* [EXERCISE]:
Please print nothing but the lines from the one containing "3号機(MT4+EA自動売買)は+60,737円" to the final line below, exactly, and no pictures.

* [RECORDED DATA]:
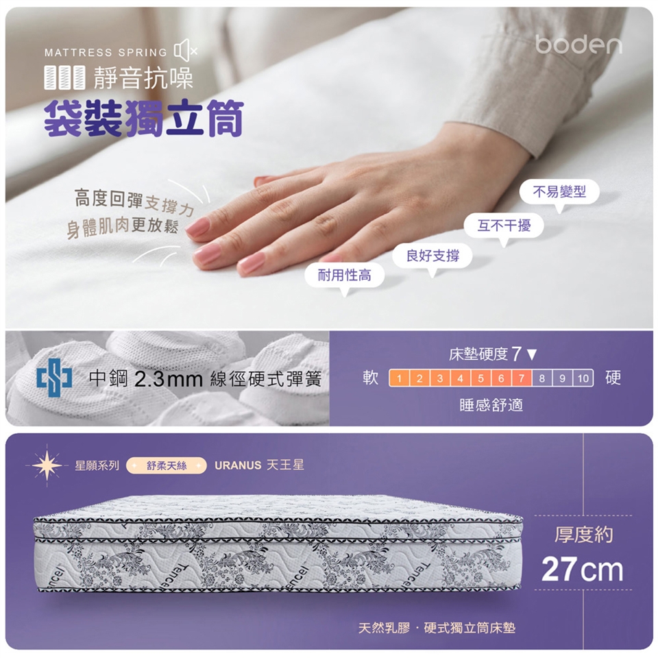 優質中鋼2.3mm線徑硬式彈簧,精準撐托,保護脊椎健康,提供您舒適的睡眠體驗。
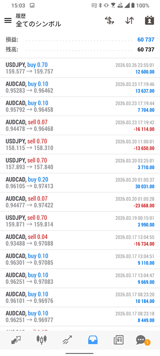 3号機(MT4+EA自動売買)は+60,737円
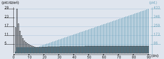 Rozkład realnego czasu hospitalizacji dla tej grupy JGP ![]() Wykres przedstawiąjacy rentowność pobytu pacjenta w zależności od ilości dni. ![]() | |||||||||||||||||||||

* [ANSWER TO THE EXERCISE]:
 3号機(MT4+EA自動売買)は+60,737円
 Rozkład realnego czasu hospitalizacji dla tej grupy JGP ![]() Wykres przedstawiąjacy rentowność pobytu pacjenta w zależności od ilości dni. ![]() | |||||||||||||||||||||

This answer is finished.